Recently the news broke that a developer sabotaged two of his own libraries open source, causing interruptions in thousands of applications that used them.
Mark Squires, the author of two JavaScript libraries with over 21 dependent applications and over 000 million weekly downloads, updated his plans late last week after being unchanged for more than a year. The updates contained code to produce an infinite loop which caused gibberish to appear from dependent applications, preceded by the words "Freedom Freedom Freedom."
squires did not provide any reason to do so, but a "faker.js" file was changed to "What really happened to Aaron Swartz?"

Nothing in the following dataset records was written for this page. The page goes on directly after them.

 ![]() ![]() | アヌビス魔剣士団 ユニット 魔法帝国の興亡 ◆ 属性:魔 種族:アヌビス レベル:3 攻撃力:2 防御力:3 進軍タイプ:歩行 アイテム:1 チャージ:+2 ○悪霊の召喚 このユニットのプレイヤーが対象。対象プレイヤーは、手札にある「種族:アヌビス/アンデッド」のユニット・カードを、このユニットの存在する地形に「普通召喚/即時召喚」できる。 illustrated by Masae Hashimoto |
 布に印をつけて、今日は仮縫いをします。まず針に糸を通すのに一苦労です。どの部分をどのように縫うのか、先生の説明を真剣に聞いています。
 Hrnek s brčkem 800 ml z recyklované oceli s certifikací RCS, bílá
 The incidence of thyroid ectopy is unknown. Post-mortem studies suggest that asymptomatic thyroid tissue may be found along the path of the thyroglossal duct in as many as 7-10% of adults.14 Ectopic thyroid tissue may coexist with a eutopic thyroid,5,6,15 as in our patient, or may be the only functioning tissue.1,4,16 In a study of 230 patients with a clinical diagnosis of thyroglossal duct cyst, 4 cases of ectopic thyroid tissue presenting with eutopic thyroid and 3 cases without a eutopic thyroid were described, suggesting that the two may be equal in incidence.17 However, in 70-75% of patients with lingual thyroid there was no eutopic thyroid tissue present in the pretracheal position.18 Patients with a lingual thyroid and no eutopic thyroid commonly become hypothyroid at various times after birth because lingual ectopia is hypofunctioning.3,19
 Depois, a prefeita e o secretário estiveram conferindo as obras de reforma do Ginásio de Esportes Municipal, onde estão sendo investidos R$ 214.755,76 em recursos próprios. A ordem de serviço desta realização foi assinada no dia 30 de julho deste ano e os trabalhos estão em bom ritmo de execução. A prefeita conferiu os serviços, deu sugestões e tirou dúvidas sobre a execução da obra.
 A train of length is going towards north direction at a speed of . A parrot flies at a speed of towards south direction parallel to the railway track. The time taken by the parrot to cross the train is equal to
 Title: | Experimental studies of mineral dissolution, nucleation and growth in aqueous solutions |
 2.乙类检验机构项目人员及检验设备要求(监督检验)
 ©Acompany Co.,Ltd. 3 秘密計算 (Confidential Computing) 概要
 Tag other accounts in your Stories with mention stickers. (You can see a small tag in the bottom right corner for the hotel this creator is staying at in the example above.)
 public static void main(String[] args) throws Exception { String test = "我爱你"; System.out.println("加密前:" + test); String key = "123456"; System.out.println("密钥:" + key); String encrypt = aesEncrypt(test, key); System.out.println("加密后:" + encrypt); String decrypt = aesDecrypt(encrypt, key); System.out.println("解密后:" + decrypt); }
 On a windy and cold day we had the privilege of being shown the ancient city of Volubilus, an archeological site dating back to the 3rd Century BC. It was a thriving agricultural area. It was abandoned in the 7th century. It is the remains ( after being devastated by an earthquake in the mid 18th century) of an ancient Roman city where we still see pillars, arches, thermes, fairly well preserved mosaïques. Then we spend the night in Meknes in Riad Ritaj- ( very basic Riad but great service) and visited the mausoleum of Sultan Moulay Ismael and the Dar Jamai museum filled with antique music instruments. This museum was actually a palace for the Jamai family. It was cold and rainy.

Swartz was a leading developer who helped establish Creative Commons, RSS, and Reddit. In 2011, Swartz was accused of stealing documents from the JSTOR academic database in an attempt to make them freely accessible.
The activist iInvolved in great causes such as Net Neutrality, he opposed the SOPA and PIPA laws (equivalent to Hadopi in the United States). Aaron Swartz committed suicide in January 2013. Subject to depressive episodes, he was under heavy judicial processes. He faced no less than $ 4 million in fines and 30 years in prison for decrypting and stealing 4 million academic documents from MIT and the Jstor site. An act carried out in the name of free access to knowledge. An act that also earned him the accusation of "crime" ("felony") by the American justice.
Aaron Swartz stubbornly refused to accept the term, according to his colleague Lawrence Lessig. A refusal that, after 18 months of negotiations, would lead to a trial with potentially very severe penalties.
In reaction to his death, several professors at MIT have decided to honor his struggle, which they support, by uploading PDF files of their work to fight against the copyright of scholarly articles. In addition to these professors, MIT also officially and as an institution decided to conduct an internal investigation to determine how the Boston school had acted, in detail, since the start of the document “theft” issue. What if their decisions had not been disproportionate?
At the same time, since included the Swartz reference in the "Readme" fileSquires also tweeted those same words and included a link to a thread claiming that Swartz was murdered after discovering child pornography on MIT servers. This now-deleted post (but available on the Web Archive), included in the thread, read:
“No, it is not Aaron Swartz who should be tried, but this high salaried institution of learning, MIT, which is responsible for the heinous crimes that led to his death. The risks taken by Swartz, who thus threatened MIT, can only be understood through the theme of child pornography orchestrated and produced by his acclaimed teachers and distributed to his wealthy and powerful backers. MIT's cyber pokers serve a clientele that includes the highest echelon of the State Department, large corporations, intelligence agencies, the military and the White House.
Every element of the Swartz Affair indicates that he died in a heroic attempt to expose the perversion that has corrupted the hearts and minds of the world's elite, a heinous and often deadly vice that traumatizes innocent children and threatens every family on this planet.
This display of facts is a winding road that leads from the Sacred Ivy Halls in Boston to the outskirts of Phnom Penh, where a world-renowned professor has organized youth sex services for visiting dignitaries and sent encrypted child pornography via satellite to bases. of illicit data. on the MIT campus.
Nicholas Negroponte, you no longer have a place to hide in Southeast Asia or Africa. You are under surveillance and you will be persecuted relentlessly, not only for child pornography and pimping, but now as an accessory to murder. Your only way out is to return the video files with the full list of names, and you better do that as soon as possible, because the powerful pedophiles on this list will silence you to cover their own tracks. "
Library Sabotage Raises Concerns on software supply chain security, which is crucial for many organizations, including Fortune 500 companies. The two sabotaged libraries, Faker.js and Colors.js, have created problems for people using the cloud SDK from Amazon.
Critics have long said that large corporations take advantage of open source ecosystems without paying properly to the developers for their time. In turn, responsible software developers are unfairly tested.
In fact, Squires said in 2020 that he will no longer support large companies with the work he does for free.
"Take this opportunity to either send me a six-figure annual contract or fork the project and have someone else work on it," he wrote.
The ability of a single developer to curb such a large application base highlights a fundamental weakness in the current architecture of free and open source software. Add to that the havoc caused by overlooked security vulnerabilities in widely used open source applications and you have a recipe for potential disaster.
Source: https://web.archive.org
Hello! This news is missing something that for me also draws a lot of attention: when all these events happened, GitHub (apparently) suspended the programmer's account, alluding that he had violated the "terms of service", blocking him from accessing his own code ... WTF ? Since when do you decide what things an open source programmer can do with their own projects?